Net sales for nine months period ended December stood at Rs 43.82 crore and net profit at Rs 1.71 crore with operating profit margin (OPM) of 21.4%. For FY 2010, net sales stood at Rs 46.5 crore and net profit at Rs 1.66 crore with operating profit margin (OPM) of 20.2%
The company intends to enter the capital market to raise money in the range of Rs 42 – 46 crore by issuing around 1.31 crore equity share of face value of Rs 10 each at the price range of Rs 32 to Rs 35 per share. It proposes to deploy Rs 31.94 crore from the net proceeds of the issue for setting up new facilities for manufacturing of high end duplex board cartons, shippers and printed corrugated boxes at Gujarat and Rs 4.96 crore for augmenting its long term working capital requirements. The Gujarat project is to be completed in Q3 of FY 2011-12. The proposed Gujarat plant will add high-end duplex board carton capacity of 15 lakh cartons per day, along with 5 tonnes per day of shippers and 7 tonnes per day of printed corrugated cartons. It is looking to enhance its existing customer base which comprises a large number of Indian and international companies, invest in high quality machinery and equipments to ensure efficient production and quality products.
Strengths
With the growth in the retail, pharma, food and beverage sectors, opportunity for growth in packaging industries has increased.

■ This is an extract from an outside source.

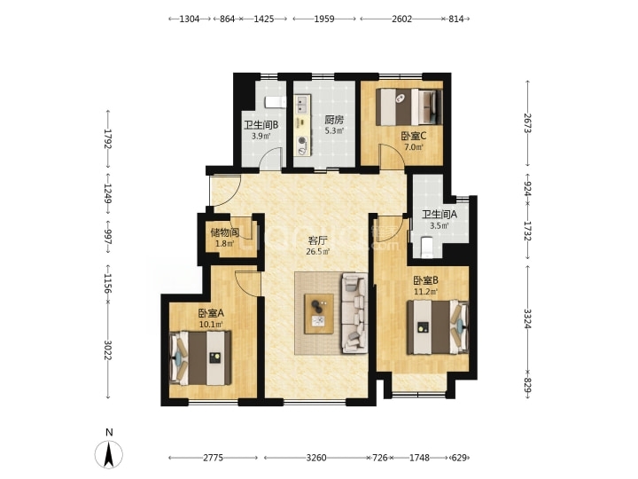 幸福里次新三居737万看房有钥匙

Net sales have increased at CAGR of 26% for the last 3 years.
Weaknesses
It faces competition from organized as well as unorganized players in the printing and packaging industry.
80% of sales comes from top 10 clients, out of which 54% comes from top 3 clients while 66% comes from top 5 clients. Incase, any customer decided to stop doing business with it, will lead to substantial impact on business.
The profitability level of the company is low on account of high interest and depreciation cost.
The promoter group entity, Parapack, is also engaged in the printing and packaging business. The business interests of promoter group entities can lead to a conflict of interest.
The business is highly working capital intensive.
Valuation
The company has set a price band of Rs 32 to Rs 35 per equity share of Rs 10 face value. At the lower band of Rs 32 per share, the P/E would be 37.4 times the annualized EPS of Rs 0.9 for the nine months ended December 2010 (on post-IPO equity) and 51.5 times the EPS of Rs 0.6 (on post-IPO equity) for FY 2010. At the upper price band of Rs 35 per share, the P/E would be 40.9 times the annualized EPS for the nine months ended December 2010 and 56.4 times the EPS for FY10. In the packaging industry, the comparable companies such as TCPL Packaging, Uflex trade at P/E of around 5 times their nine-month annualized EPS.